World Cup Fever: NOT

By: Rachel Marsden

PARIS -- Ghana recently knocked the USA out of the soccer World Cup. You’re already forgiven for not noticing. Even diehard American sports fans can probably more readily name five supermodels from the latest Sports Illustrated calendar than they could five Team USA soccer players (hint: David Beckham isn’t one of them).

When Ghana won, a fan wrote on the FIFA website that the U.S. used to rule the world but now will learn that it’s changing. Eighteen years without a dictator running your country is a good start, but let’s not confuse life with a game. When this can be achieved, then you’ll know you’ve really matured. (Incidentally, as a woman I use the same criteria to select boyfriends.) Note, for example, how Germany can beat England at the World Cup without causing anyone to experience atrocious flashbacks to the 1940s.

Interesting, isn’t it, how the various teams in this tournament are cultural microcosms of their representative countries? In the case of Team USA, getting angry in the wake of a World Cup defeat is a bit like flipping out a 5-year old who beats you in a potato sack race: He still has no real power in life.

Any USA supporters can dismount this bandwagon with a shrug in the same way that one would disembark the coaster at Coney Island. The excitement doesn’t bleed into the next day, or week, or month. If any homecoming parade were to ensue, most people would just be annoyed by the resulting traffic jam.
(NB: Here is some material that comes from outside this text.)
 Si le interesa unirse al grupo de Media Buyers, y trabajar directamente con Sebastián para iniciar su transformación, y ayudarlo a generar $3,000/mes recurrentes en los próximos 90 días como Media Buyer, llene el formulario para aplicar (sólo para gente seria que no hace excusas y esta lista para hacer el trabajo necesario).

I can’t help but notice how many teams from countries still struggling with simple issues such as hygiene and running water are just so happy to be participating. Like they can’t believe they’re invited and getting so much attention in the absence of a television advertising campaign, a group song, or Bono. The only other place these countries receive so much disproportionate attention is at the United Nations General Assembly. 

North Korea’s team did what you’d expect them to do (before ultimately losing): defect, almost as soon as their feet touched foreign soil, in an attempt to start a better life in one of the world’s biggest crime capitals (Johannesburg). But just like back home, they were found and brought back into the fold by a manager who claims to chat on a cell with Kim Jong-Il during matches—lest anyone think the dictator is blasé about something as significant as grown men hitting balls with their feet.
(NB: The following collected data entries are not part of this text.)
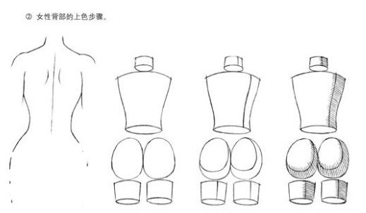 http://p1-tt.byteimg.com/large/pgc-image/5a6327ab3bfb434b85cd23659c9342f1?from=pc人体的背部也可以简化理解为几何体的组合.如图中的几何体简化圈所示。然后按照几何体的明暗关系漆加阴影效果,同样要考虑到光的来源方向,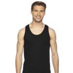 American Apparel Unisex 4.3 Ounce Fine Jersey Tank. 4.3 ounces, 100% Ring Spun Cotton (Heather Grey contains 10% polyester. ) Relaxed fit, side seamed body. Binding at neckline and armholes. 100% cotton thread on color White. Recycled tear away label.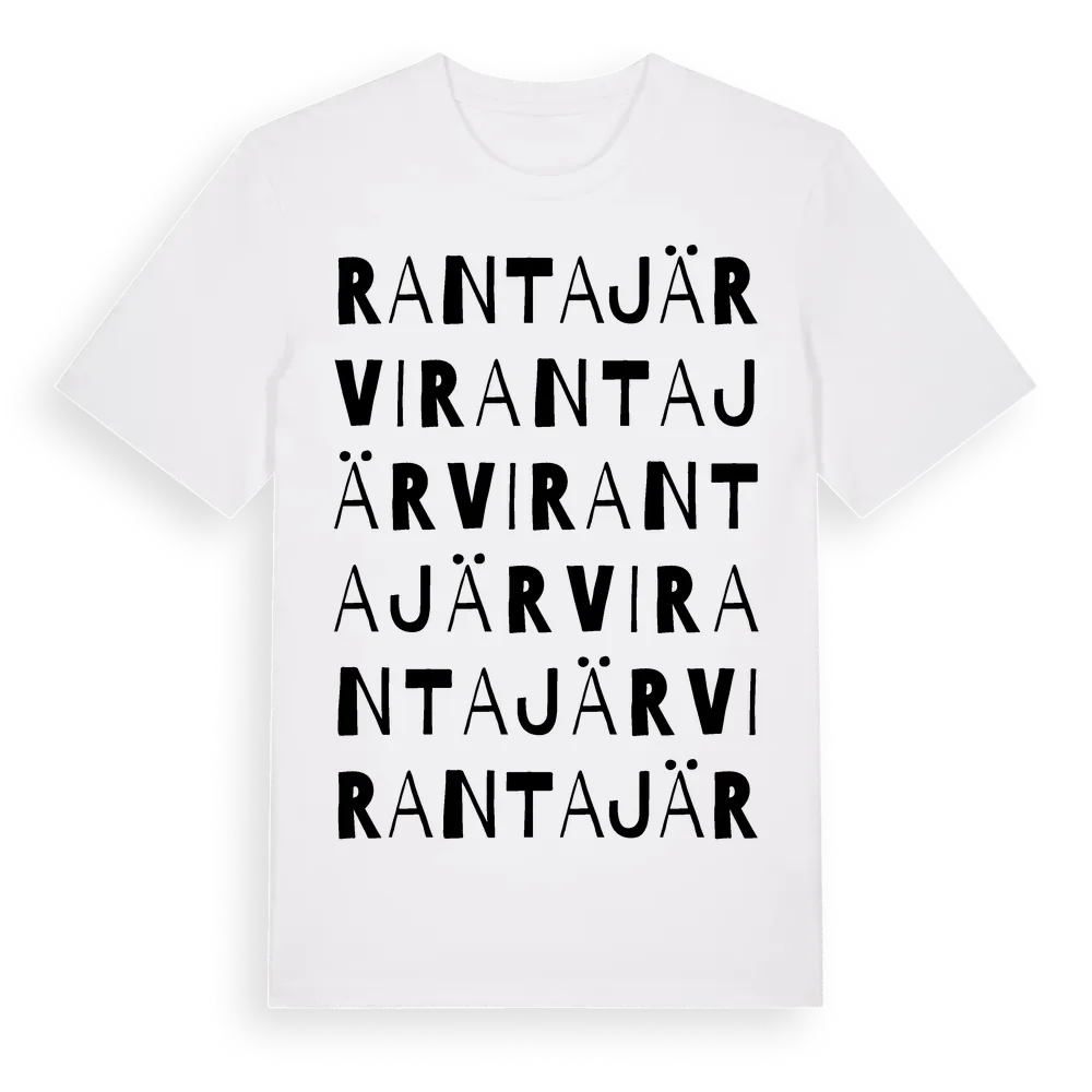 Rantajärvi ordlek t-shirt är inspirerad av byn Rantajärvi i Norrbottens län, Sverige. Tröjan är designad för dig som har en speciell koppling till platsen – oavsett om du bor här, har rötterna här eller bara älskar Rantajärvi.

Speaking of which—the French team still hasn’t recovered from the relentless ball-kicking administered by their countrymen since the team’s first-round defeat. Only one team can win the World Cup, and that team apparently had to be France. And since it wasn’t, there will be a parliamentary inquiry into the ordeal. French children are disappointed—more embarrassed on the world stage by Team France than they ever were by the presidencies of Jacques Chirac and Francois Mitterrand.

Sports fans at my gym in Paris were more aghast at the early loss than they are by the fact that the gym’s air conditioning has been broken for at least a month in up to 95F summer heat. 
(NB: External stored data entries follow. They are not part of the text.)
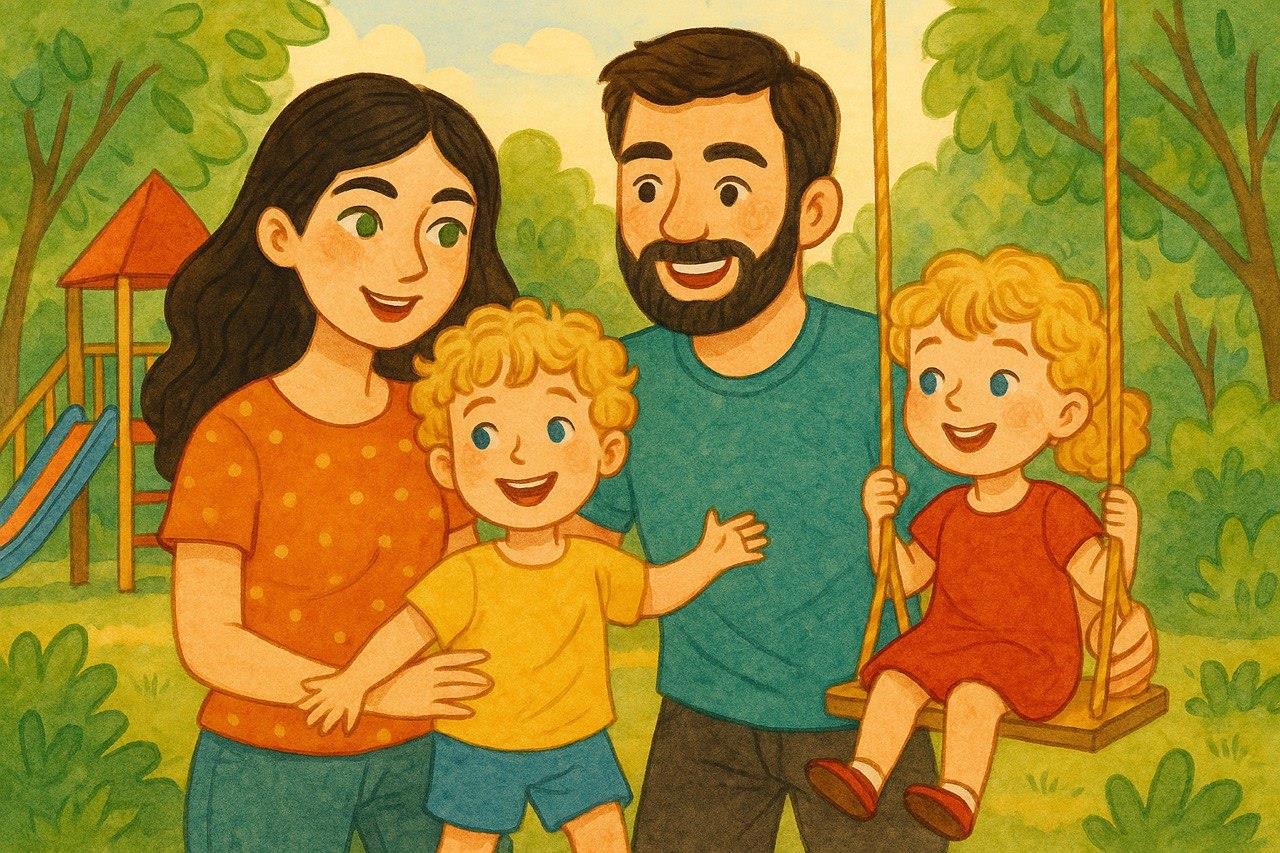 Родители, проснувшись рано утром в шесть утра и собравшись к семи, так как Филипп был настоящим жаворонком, пошли гулять с детьми на удаленную от людей, близкую к парку зеленую площадку. Родители любили гулять здесь, так как она была ограждена забором от дороги с плотным трафиком машин и имела хорошую тень от каштанов, которыми она была плотно засажена.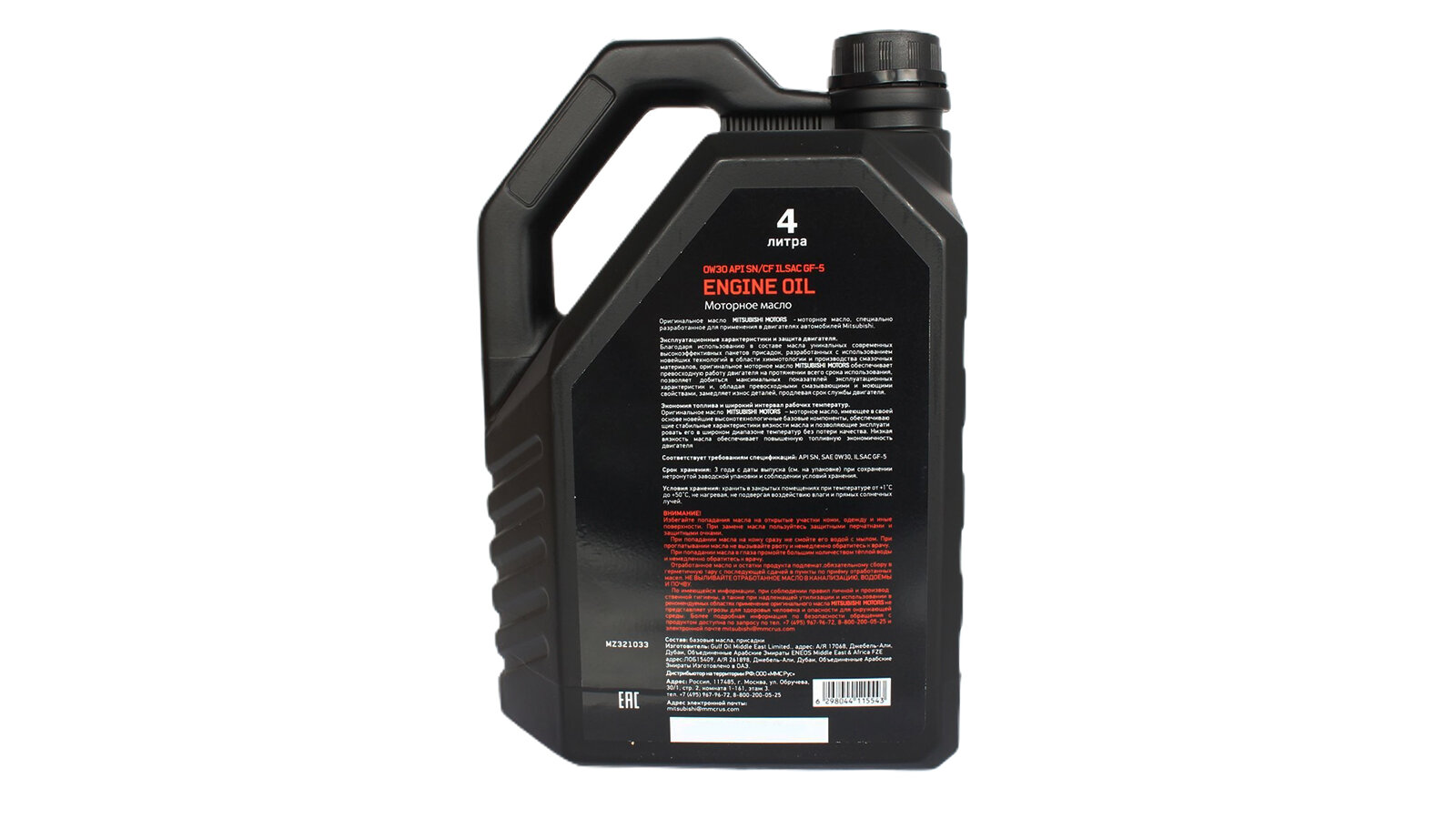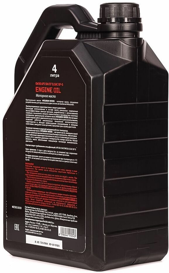 MZ321033_масло мот.! ENGINE OIL 0W30 4L синт.\ API SN/CF, ILSAC GF-5 MITSUBISHI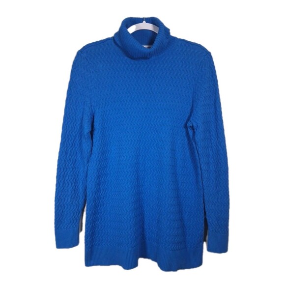 Lands End Sweater Fisherman Turtleneck Womens Large Cable Knit Royal Blue Cotton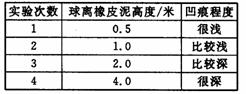 在学习势能知识时,小宇同学猜想物体的重力势能的大小可能与以下三个因素有关:①物体高度,②物体质量大小,③物体所处地理位置。为了证明自己的猜想,首先决定对因素①进行验证。他把橡皮泥平铺在水平面上,让1个小球从不同高度自由下落,记录结果如右表所示。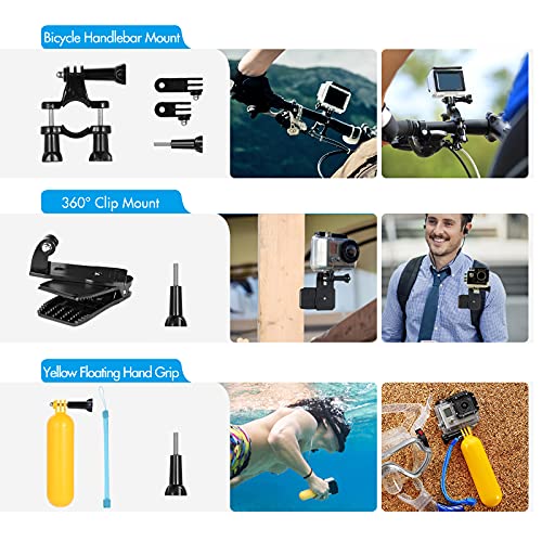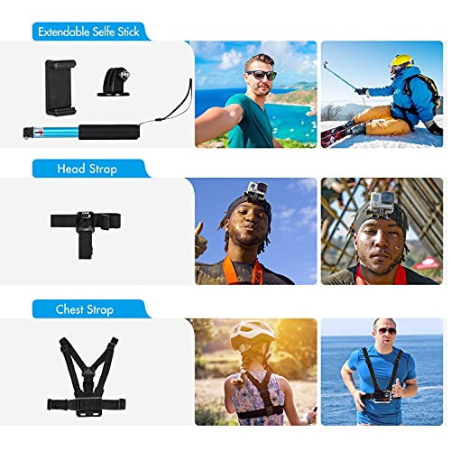 【60-in-1 Universal Action-Kamera Zubehör Kit】kompatibel mit den meisten Action-Kameras auf dem Markt, kann dieses Action-Kamera Zubehör Kit Ihnen helfen, erstaunliche Momente festzuhalten und Ihrer Action-Kamera den besten Schutz zu bieten, perfekt für Vlog, Skifahren, Radfahren, Skateboarden und andere Outdoor-Aktivitäten.

Mysterious drama between players and staff of the French team was beamed into homes and dissected for days on end, negating the need to take in a French film at the local cinema. The French players went on strike for dubious reasons—just like much of France did last week, bunging up subway and airport traffic.

France Soir newspaper’s headline pleaded with the team to “respect” those who care about them—much like a French wife who just discovered the man whose dirty underwear she lovingly washes has let her down. “We Want Goals!” screamed the same newspaper’s headline a few days earlier, as though the players were mooching public funds. Class envy carved out a place in the debate: “They’re spoiled millionaires!” Last I checked, none of them inherited their millions. At some point, market forces compensated their talents. The market will also determine their downfall, with or without any intensely directed jealousy. Either way, your life won’t personally improve.

“But they are disgracing the uniform!” I was told. Oh, right. Like that hasn’t happened since the Napoleonic Wars. Now suddenly it’s a national emergency? Mediocrity doesn’t entrench itself this reliably overnight. What the French are now witnessing is the culmination of directed efforts in this regard over centuries, and accelerated over the past few decades. Excellence has been culturally bred out, with the Equipe de France being the coup de grace. 

So sit back and enjoy the remaining 10 years left in this World Cup. It can’t hurt any.